(Supplied data Opens)
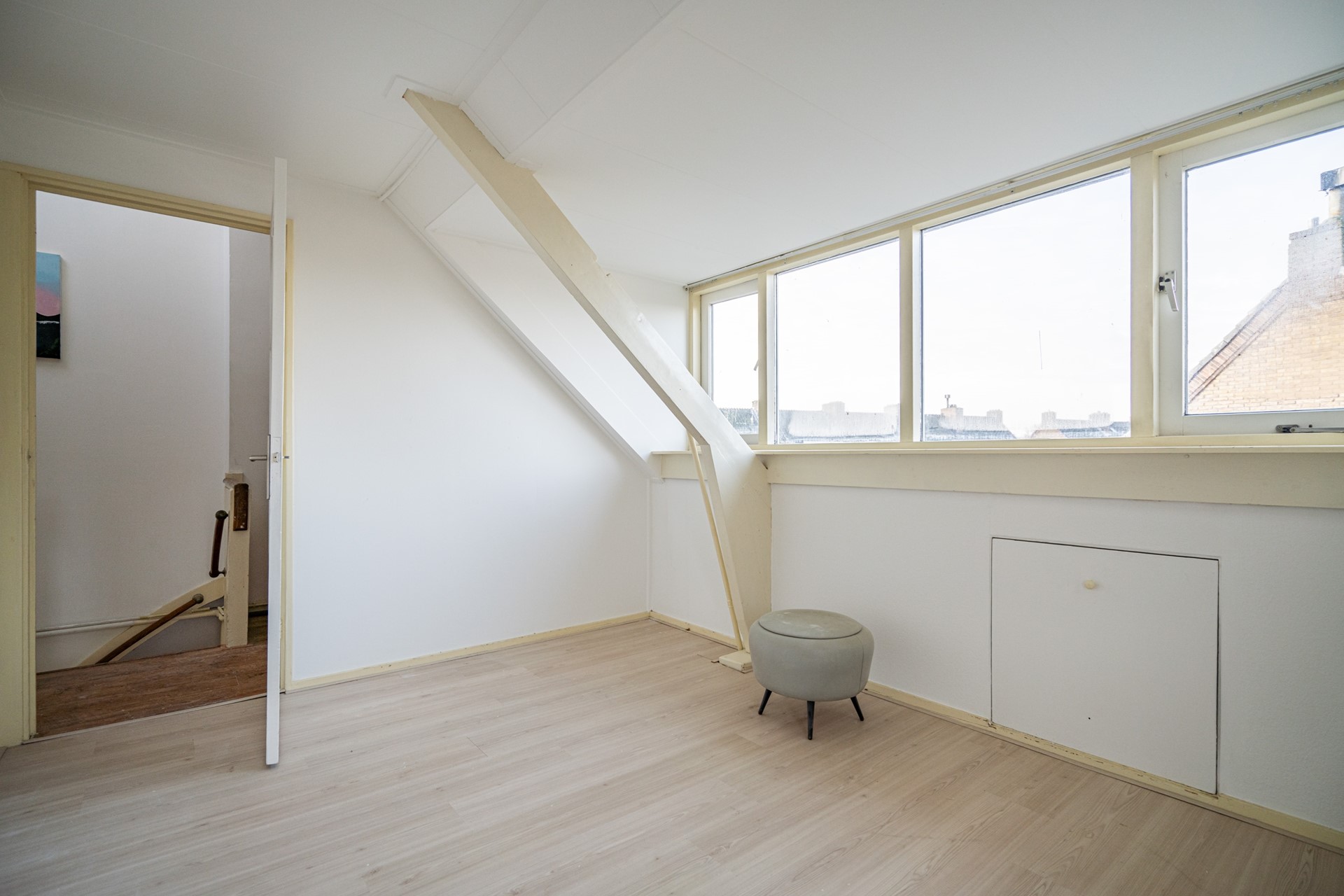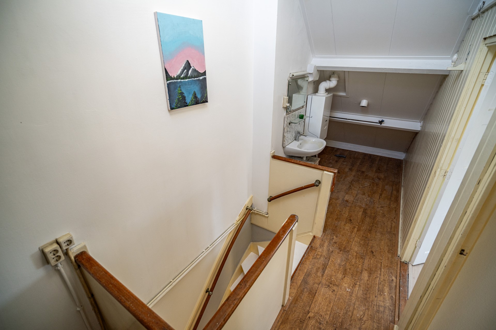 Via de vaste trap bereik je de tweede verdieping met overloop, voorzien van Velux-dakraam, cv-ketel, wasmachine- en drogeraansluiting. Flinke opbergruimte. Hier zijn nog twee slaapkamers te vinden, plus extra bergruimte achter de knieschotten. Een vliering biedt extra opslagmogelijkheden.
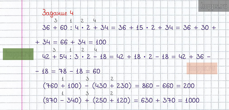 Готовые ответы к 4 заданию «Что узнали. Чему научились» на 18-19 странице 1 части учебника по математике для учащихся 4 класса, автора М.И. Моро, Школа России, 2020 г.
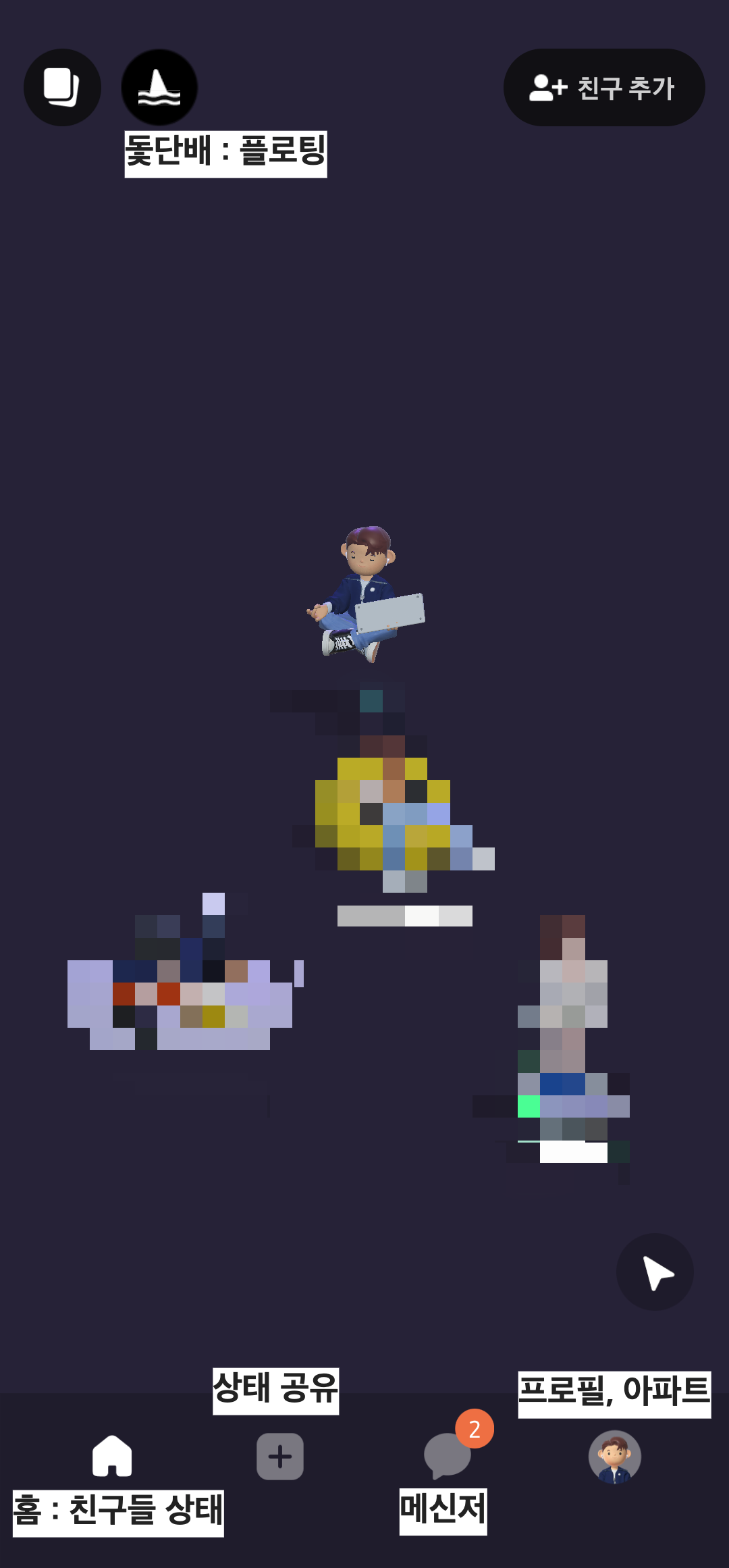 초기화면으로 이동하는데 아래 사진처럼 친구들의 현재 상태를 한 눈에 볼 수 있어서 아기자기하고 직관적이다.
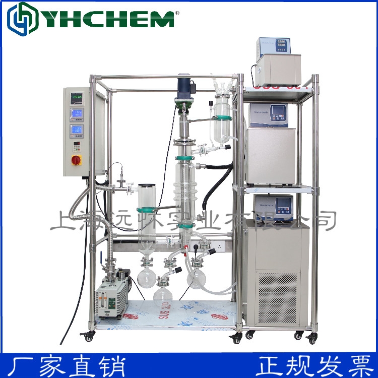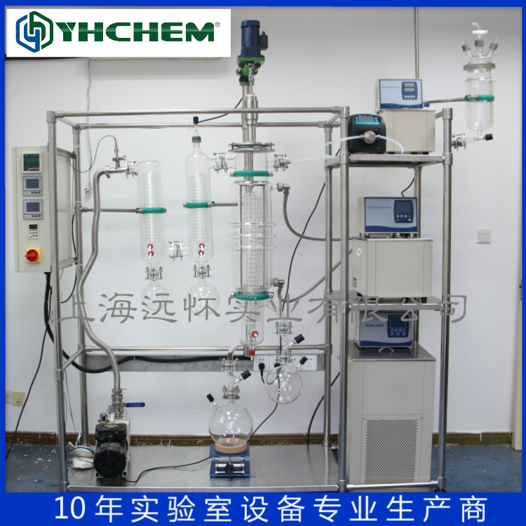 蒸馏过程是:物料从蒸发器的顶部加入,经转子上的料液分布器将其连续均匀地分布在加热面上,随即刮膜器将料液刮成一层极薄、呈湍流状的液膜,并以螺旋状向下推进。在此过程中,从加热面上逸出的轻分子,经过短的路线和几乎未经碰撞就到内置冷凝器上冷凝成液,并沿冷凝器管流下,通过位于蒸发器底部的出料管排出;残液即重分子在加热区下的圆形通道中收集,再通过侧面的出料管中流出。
(Supplied data Closes)
(Supplied data Opens)
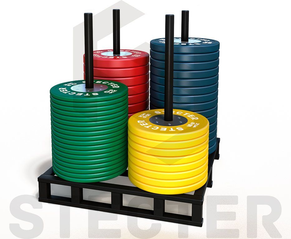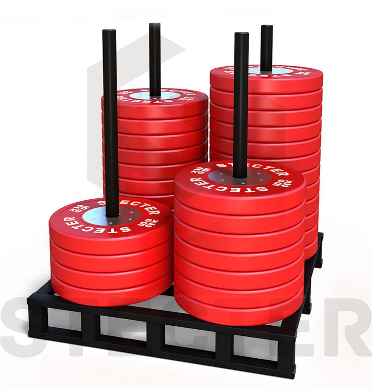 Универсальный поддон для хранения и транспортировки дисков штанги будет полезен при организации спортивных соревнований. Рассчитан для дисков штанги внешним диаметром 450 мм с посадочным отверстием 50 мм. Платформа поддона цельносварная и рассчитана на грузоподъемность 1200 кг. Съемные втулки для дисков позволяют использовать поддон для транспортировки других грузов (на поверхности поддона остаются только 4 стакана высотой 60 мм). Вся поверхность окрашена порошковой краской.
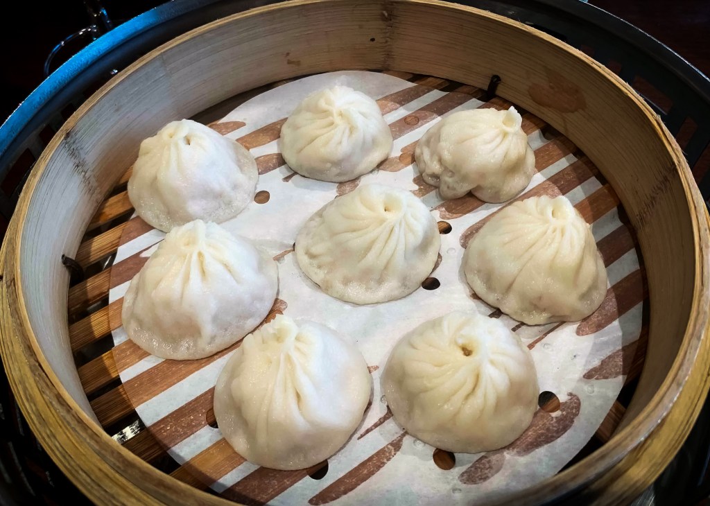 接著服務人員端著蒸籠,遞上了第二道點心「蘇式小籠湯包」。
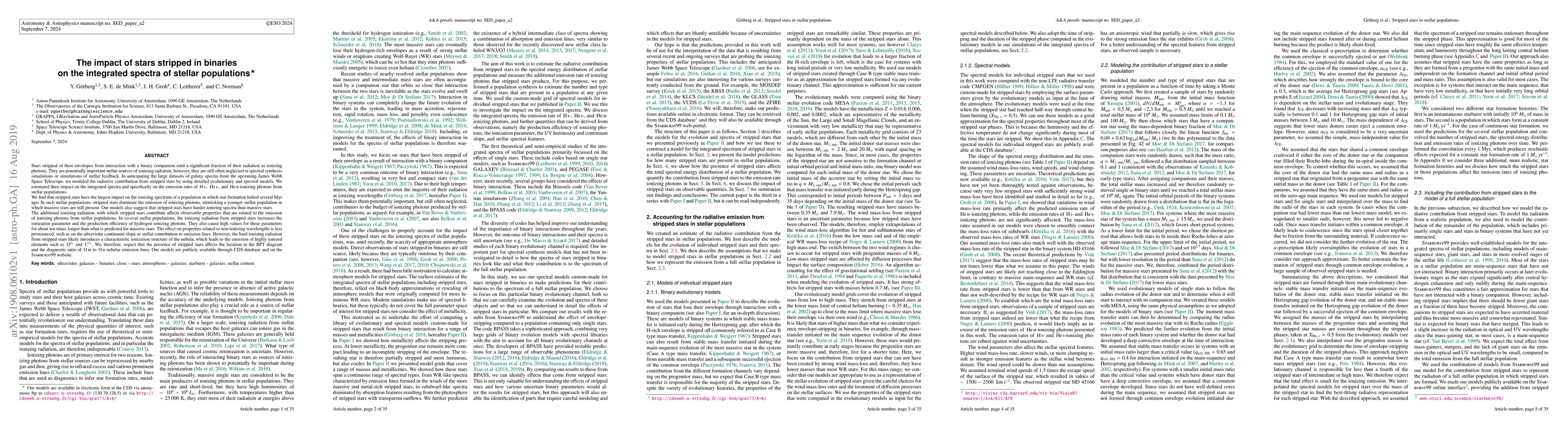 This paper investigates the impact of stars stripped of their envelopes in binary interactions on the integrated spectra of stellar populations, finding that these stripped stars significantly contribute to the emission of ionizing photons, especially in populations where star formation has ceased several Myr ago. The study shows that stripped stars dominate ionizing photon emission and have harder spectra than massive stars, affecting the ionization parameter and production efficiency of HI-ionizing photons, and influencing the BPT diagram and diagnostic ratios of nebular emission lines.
(Supplied data Closes)
(Supplied data Opens)
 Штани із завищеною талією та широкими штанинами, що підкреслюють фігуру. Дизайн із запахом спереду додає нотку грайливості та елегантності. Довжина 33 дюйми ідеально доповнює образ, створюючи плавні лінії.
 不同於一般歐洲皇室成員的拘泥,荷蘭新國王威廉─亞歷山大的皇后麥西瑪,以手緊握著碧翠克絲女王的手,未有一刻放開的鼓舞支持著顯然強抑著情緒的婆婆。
(Supplied data Closes)
## Exercise brief
Could the stretch from the line with "초기화면으로 이동하는데 아래" through the line with "蒸馏过程是:物料从蒸发器的顶" in the listing above be restated word for word, minus the pictures?

## Answer
 초기화면으로 이동하는데 아래 사진처럼 친구들의 현재 상태를 한 눈에 볼 수 있어서 아기자기하고 직관적이다.
 蒸馏过程是:物料从蒸发器的顶部加入,经转子上的料液分布器将其连续均匀地分布在加热面上,随即刮膜器将料液刮成一层极薄、呈湍流状的液膜,并以螺旋状向下推进。在此过程中,从加热面上逸出的轻分子,经过短的路线和几乎未经碰撞就到内置冷凝器上冷凝成液,并沿冷凝器管流下,通过位于蒸发器底部的出料管排出;残液即重分子在加热区下的圆形通道中收集,再通过侧面的出料管中流出。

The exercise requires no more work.